(Stored data entries)

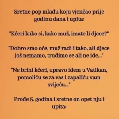 Sretne pop mladu koju vjenčao prije godinu dana i upita:
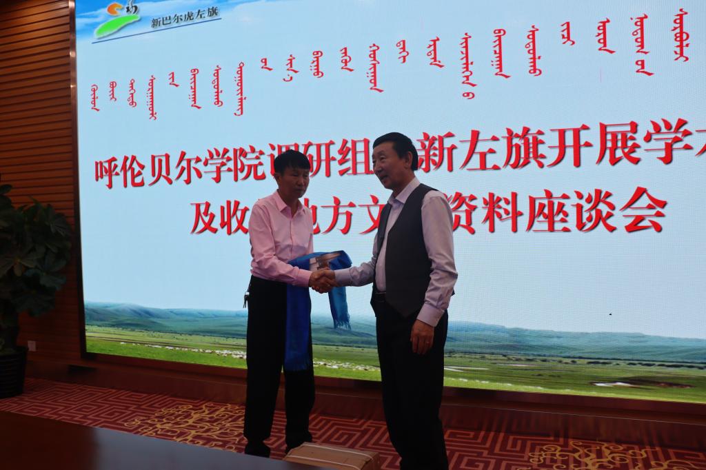 调研组在旗市政协领导和文史委员会同志们的大力支持下,收集了蒙汉文地方性文史资料200余册,并向其赠送了研究中心近几年出版的BV伟德中国官方网站民族历史文化研究丛书等学术成果,拜访慰问了相关本土专家和文化界名人,还观看了当地的文史馆、博物馆和民族团结进步展览等。
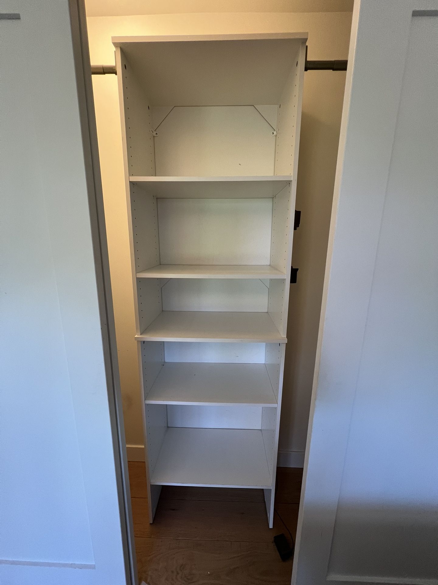 2 feet wide by 7 ft tall. Comes with two extendable closet rack bars.
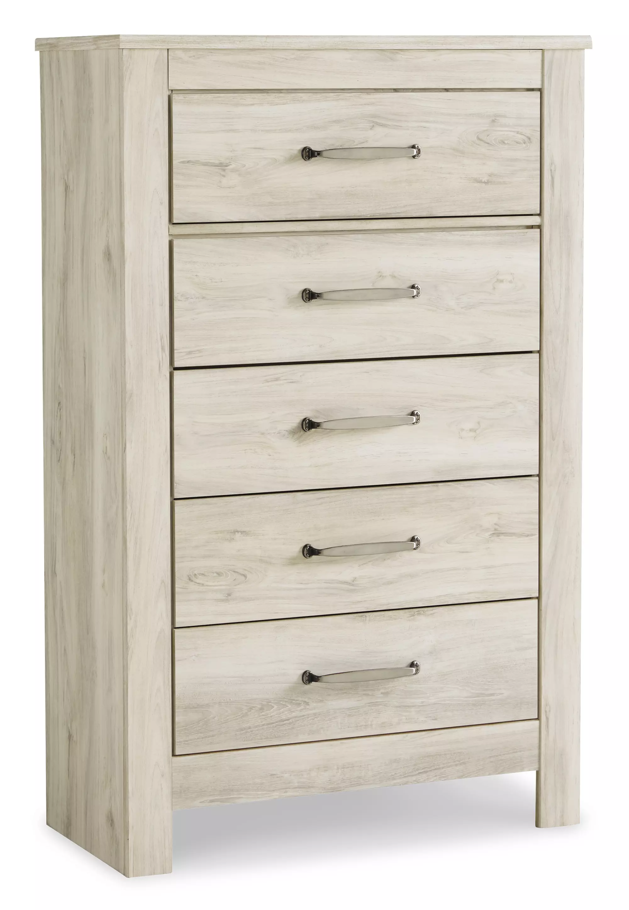 bellaby whitewash five drawer chest by ashley (B331-46)
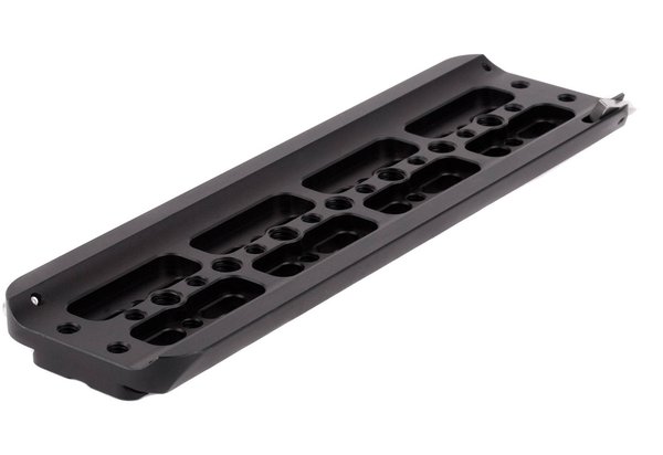 Lovey Dovey. Add this Wooden Camera 8" Safety Dovetail to your rig for safe and secure camera attachment. A stopper screw on one end and a safety latch on the other end prevent your camera from accidentally detaching, while the threaded 1/4-20 and 3/8-16 holes allow for more accessory and tripod attachments. This plate can even be added to a shoulder pad for custom handheld configurations.
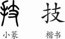 “技”是形声字。小篆从手,支声。隶变后楷书写作“技”。
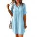 Fashion Plaid Polo Neck Short Sleeve Blouse Dress
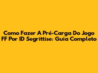 Como Fazer A Pré-Carga Do Jogo FF Por ID Segrittise: Guia Completo

§ **What you will do**:
From the first line of the entries above down to the line holding "bellaby whitewash five", quote each line exactly and nothing else, skipping pictures.

§ **Answer to the problem**:
 Sretne pop mladu koju vjenčao prije godinu dana i upita:
 调研组在旗市政协领导和文史委员会同志们的大力支持下,收集了蒙汉文地方性文史资料200余册,并向其赠送了研究中心近几年出版的BV伟德中国官方网站民族历史文化研究丛书等学术成果,拜访慰问了相关本土专家和文化界名人,还观看了当地的文史馆、博物馆和民族团结进步展览等。
 2 feet wide by 7 ft tall. Comes with two extendable closet rack bars.
 bellaby whitewash five drawer chest by ashley (B331-46)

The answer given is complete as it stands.